HDP Hak Değil, Statü İstiyor

PKK’nın çözüm sürecini sona erdirerek başlattığı devrimci halk savaşı, bazı şehirlerdeki şehir çatışmaları etrafında devam ediyor. Kırsal alanda başarıszılığa uğrayan, yurt içindeki ve Kuzey Irak’taki güvenilir üslerini yitıren PKK, değişen bölge şartlarından istifade ederek stratejik önceliğini Kuzey Suriye’ye veriyor.

PKK’nın parti-cephe örgütüne dönüşen HDP ve bilşenleri de PKK’nın siyasi hedefleri ve stratejisi mucibince davranıyor. HDP lider ve sözcüleri, içeride ve dışarıda bu siyasi hedeflere uygun bir zeminde çalışıyorlar.

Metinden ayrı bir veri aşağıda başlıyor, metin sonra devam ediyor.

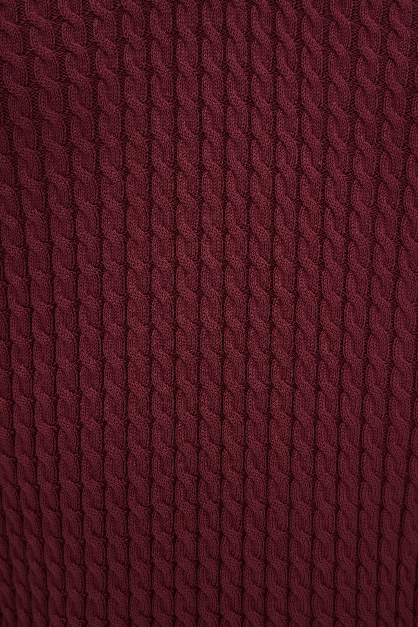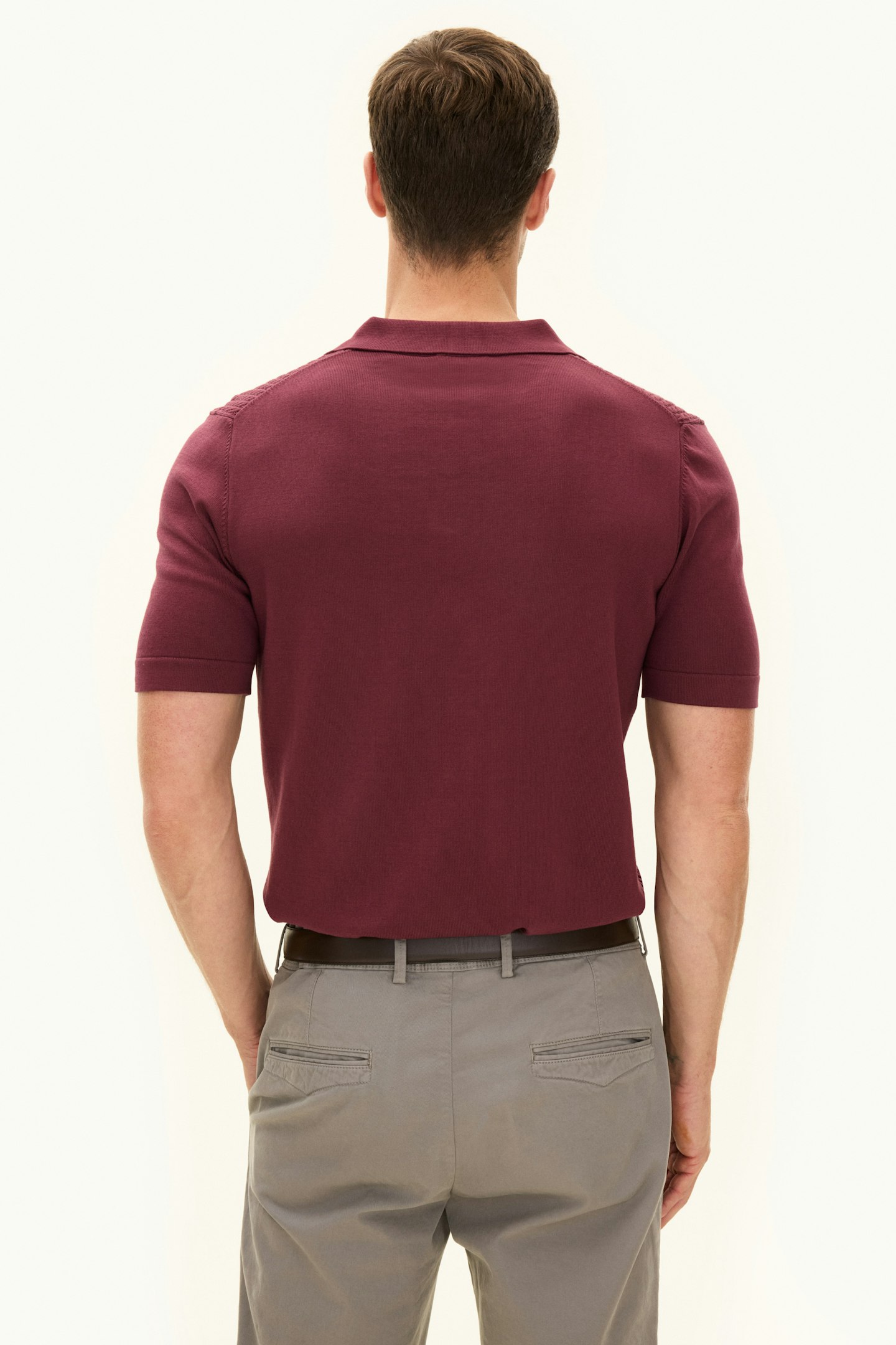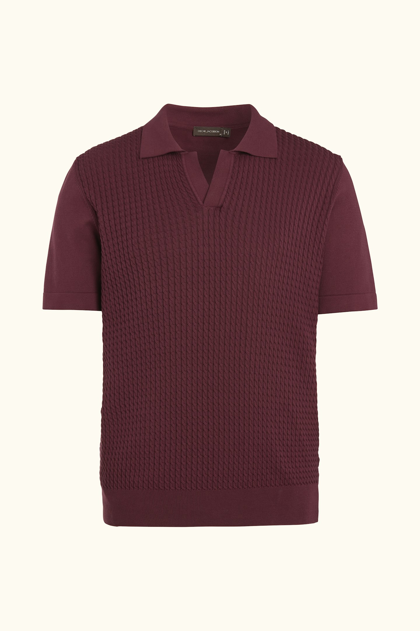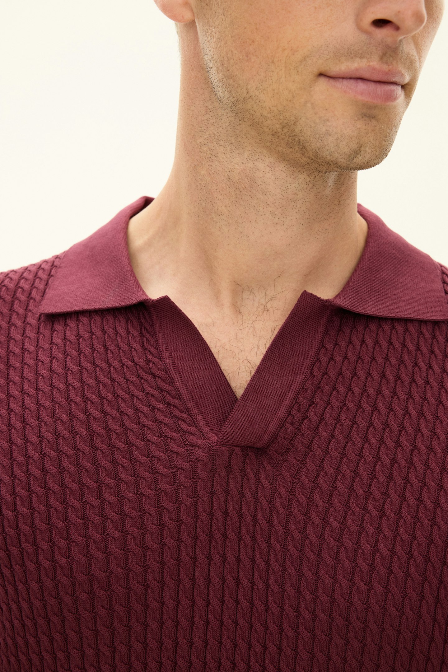 Kortermet strikket kragegenser i plaggfarget bomull. Strikket i 12gg med fin kabelstruktur på forstykket. Uten knapper foran, noe som gir et mer avslappet uttrykk. Et fint plagg å bruke til chinos, men kan like gjerne bæres under en avslappet dress eller blazer.

HDP Artık Bir Cephe Örgütü

HDP ve bileşenlerinin amacının Türkiye’nin doğusunda PKK unsurlarına destek ve güvenlik kuvvetlerini engellemek olduğu anlaşılıyor. HDP, Türkiye’nin batısında ise hükümet ve güvenlik kuvvetleri aleyhinde propagandayı ve CHP’nin milli mutbakat zemini dışına tutulmasını hedefliyor. HDP yurt dışında da, Kuzey Suriye’de PKK’nın yan kuruluşu için bir statü elde etmek için görüşmelerde bulunuyor.

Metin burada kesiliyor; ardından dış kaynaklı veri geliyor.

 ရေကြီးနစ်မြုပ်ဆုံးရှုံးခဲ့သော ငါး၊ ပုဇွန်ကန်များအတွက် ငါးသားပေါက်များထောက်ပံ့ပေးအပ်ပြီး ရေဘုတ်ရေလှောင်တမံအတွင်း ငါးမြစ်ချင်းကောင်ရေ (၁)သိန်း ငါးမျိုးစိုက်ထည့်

26-27 Aralık tarihlerinde PKK çizgisinde siyaset yapan parti-cephe örgütlerinin, Demokratik Toplum Kongresinin olağnüstü kongresinde PKK’nın silahlı unsurlarıyla yapılan özyönetim ve özsavunma ilanlarının desteklendiği görüldü. DTK Eşbaşkanı Hatip Dicle’nin okuduğu bildirgede, açık bir şekilde statü ve eözyönetim adı altında egemenlik talep edildiği anlaşılıyor. PKK/ HDP hattı seçim öncesindeki Türkiyelilik, demokratikleşme ve siyasileşme programından koptuklarını ve esasen o söylemin sadece bir seçim imajı olduğunu bu bağlamda gayet net bir şekilde deklare ettiler.

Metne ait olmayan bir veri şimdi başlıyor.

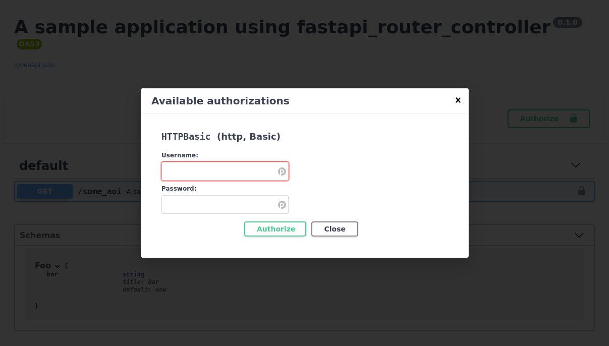 Here we see a Fastapi CBV (class based view) application with class wide Basic Auth dependencies.

HDP’nin adındaki “Halk” değil de “Halkların” ifadesi varken Türkiyelilik zaten ikna edici olmaktan uzaktı. Buna bir de HDP ile beraber kurulan Demokratik Bölgeler Partisi ve YDG-H eklenirse, PKK/ HDP hattının başlangıçtan beri hak ve özgürlükler ekseninde silah bırakarak Türkiyeli, demokraik ve siyasi bir çözüm peşinde olmadıkları anlaşılabilir. Türkiye siyaseti, toplumu ve devleti, maalesef PKK/ HDP hattını bu istikamette dönüştürmekte başarısız oldu. PKK bu çözümü başlangıçtan itibaren bir yenilgi olarak gördü, HDP de PKK’nın elde edeceği statüyü Kürtlerin hak ve özgürlüklerine, Türkiye’nin demokratikleşmesine tercih etti.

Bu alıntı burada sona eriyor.